Hi there,
I’m really new to this tool and the related functions.
Is it possible for Knime to run a Python script which fetch a file in my local folder?
I tried to add a CSV reader before the scipt node but it was not working.
Thank you @mlauber71 (just added your hub to my favorite !!)
It seems that the forum only accpets certain kinds of files.
For the feed2.csv, there is only address (manually input) in the first column.
The target is to fetch latitude and longitude based on the addresses I put in “feed2.csv”.
The steps are like:
manually input address in feed.csv.
run python to fetch latitude and longitude from google.
python generate another csv file with address/latitude/longtitude.

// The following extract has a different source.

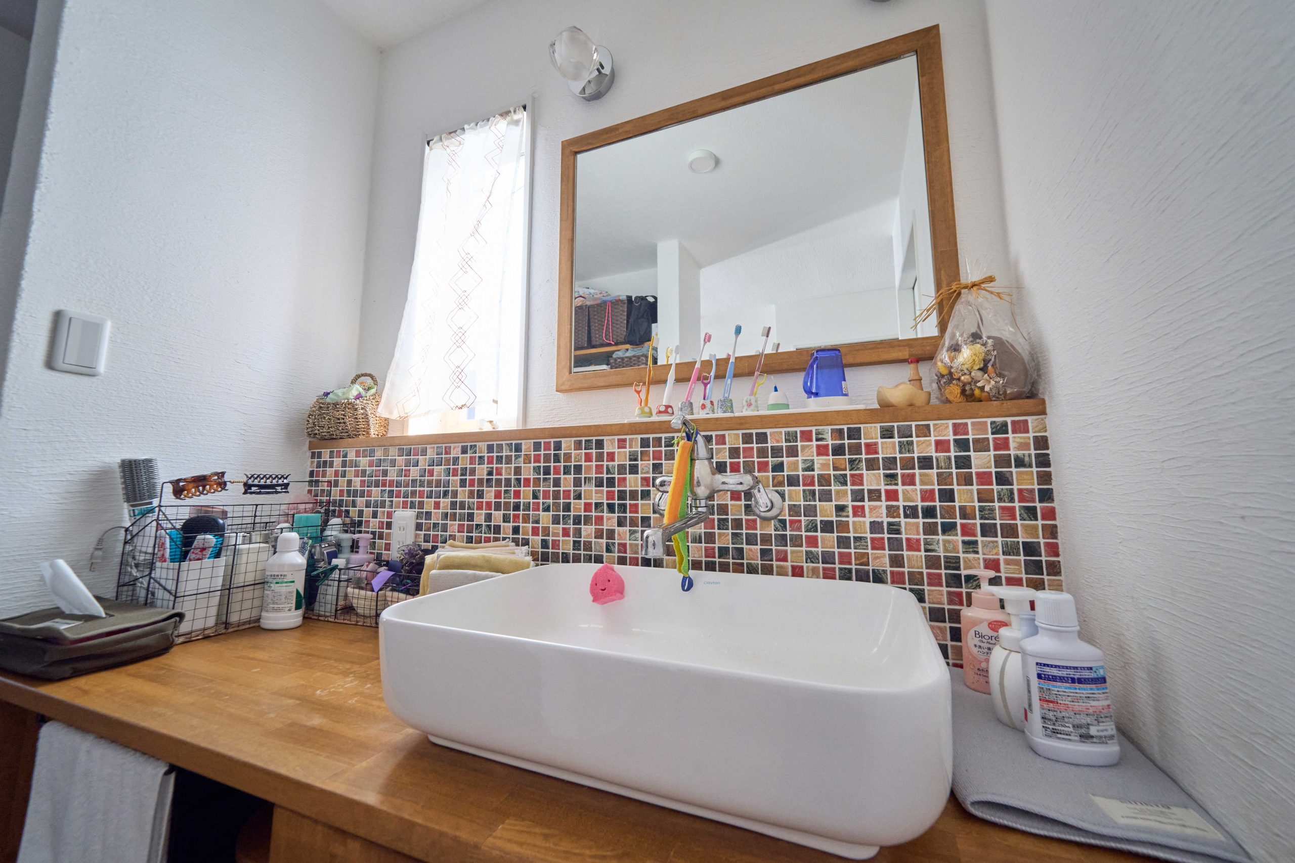 家族全員が使用する洗面台は、タイルを明るい色で揃えて

I wouldn’t bother reading files in python unless there is some critical performance related reason to do so.
In current KNIME version you pay a pretty large penalty when moving data between KNIME and python. So if you are reading in millions of rows, then yes reading them in in python vs a file reader before will help a lot with performance. But else you are just not benefiting form the “easy of use” of knime.
If the csv reader doesn’t work in KNIME you could also try the file reader or File reader (complex format). The first is much faster but has less options to configure.

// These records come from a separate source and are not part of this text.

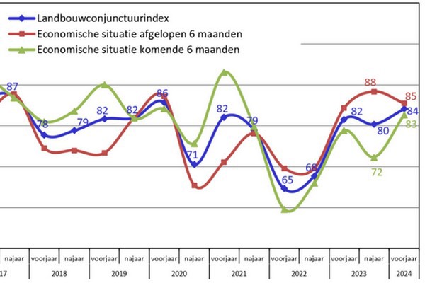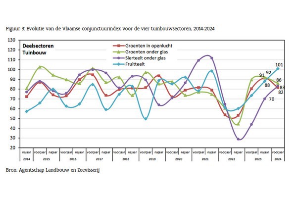 De conjunctuurindex van de Vlaamse land- en tuinbouw stijgt lichtjes in het voorjaar van 2024. Voor groenten onder glas zien de onderzoekers een lichte daling, terwijl in de fruitteelt en de sierteelt de index wel stijgt. Dat blijkt uit de zesmaandelijkse landbouwconjunctuurenquête die het Agentschap Landbouw & Zeevisserij deelt. Als reden voor de dalende index voor groenten onder glas wijzen telers op slechte prijsvorming.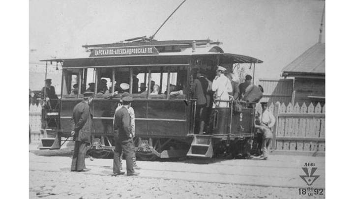 Один з перших київських трамвайних вагонів. Маршрут проходив від нинішньої Європейської площі до нинішньої Контрактової площі.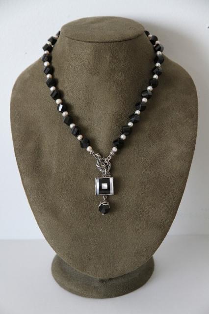 スターリングシルバー(シルバー925)にオニキスのビーズとパール、白蝶貝を象嵌したオニキスを組合わせたジュエリー。ブラック×ホワイトのコントラストが美しい天然素材の組み合わせ。唯一無二の特別感を味わえるGEM KINGDOMのネックレスです。

I just tried one of my use-cases and I’m actually a bit surprised as the speedup is rather much lower than expected. for to_pandas only 20% faster. to_arrow requires major code change and I’m not really familiar with pyarrow so what I did is probably not optimized but lead to a 25% speedup.

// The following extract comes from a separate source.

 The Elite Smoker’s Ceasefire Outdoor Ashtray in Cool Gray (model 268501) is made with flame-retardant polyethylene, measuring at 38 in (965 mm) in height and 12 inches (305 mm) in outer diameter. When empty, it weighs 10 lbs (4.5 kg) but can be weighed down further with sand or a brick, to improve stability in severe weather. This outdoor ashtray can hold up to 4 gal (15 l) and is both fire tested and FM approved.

To be fair yes it does “heavy processing” so the serialization overhead becomes less important. I guess the exact use-case will have a huge impact on the speed improvement.
What would help is a guide how to work with the pyarrow table especially iterate it and generate new columns based on existing columns (eg pandas.apply)
Hi Christian, yes it’s clear only the data transfer was made faster. I was just assuming for this specific case that it was actually a larger part of the overall runtime than it really was.
Columnar backend is enabled, yes with maximize performance.